> **Task statement**: Write out the data that follows. Keep every character unchanged.

*** Stored data ***

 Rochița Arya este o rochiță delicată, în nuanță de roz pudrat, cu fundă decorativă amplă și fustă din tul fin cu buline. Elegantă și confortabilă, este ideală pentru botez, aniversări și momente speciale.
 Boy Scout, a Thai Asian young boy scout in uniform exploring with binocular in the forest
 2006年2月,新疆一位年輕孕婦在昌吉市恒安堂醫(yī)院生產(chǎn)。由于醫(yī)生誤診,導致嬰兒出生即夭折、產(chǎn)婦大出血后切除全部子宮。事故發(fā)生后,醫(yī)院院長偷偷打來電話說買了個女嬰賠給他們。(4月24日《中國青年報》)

***

> **The completed task**:
 Rochița Arya este o rochiță delicată, în nuanță de roz pudrat, cu fundă decorativă amplă și fustă din tul fin cu buline. Elegantă și confortabilă, este ideală pentru botez, aniversări și momente speciale.
 Boy Scout, a Thai Asian young boy scout in uniform exploring with binocular in the forest
 2006年2月,新疆一位年輕孕婦在昌吉市恒安堂醫(yī)院生產(chǎn)。由于醫(yī)生誤診,導致嬰兒出生即夭折、產(chǎn)婦大出血后切除全部子宮。事故發(fā)生后,醫(yī)院院長偷偷打來電話說買了個女嬰賠給他們。(4月24日《中國青年報》)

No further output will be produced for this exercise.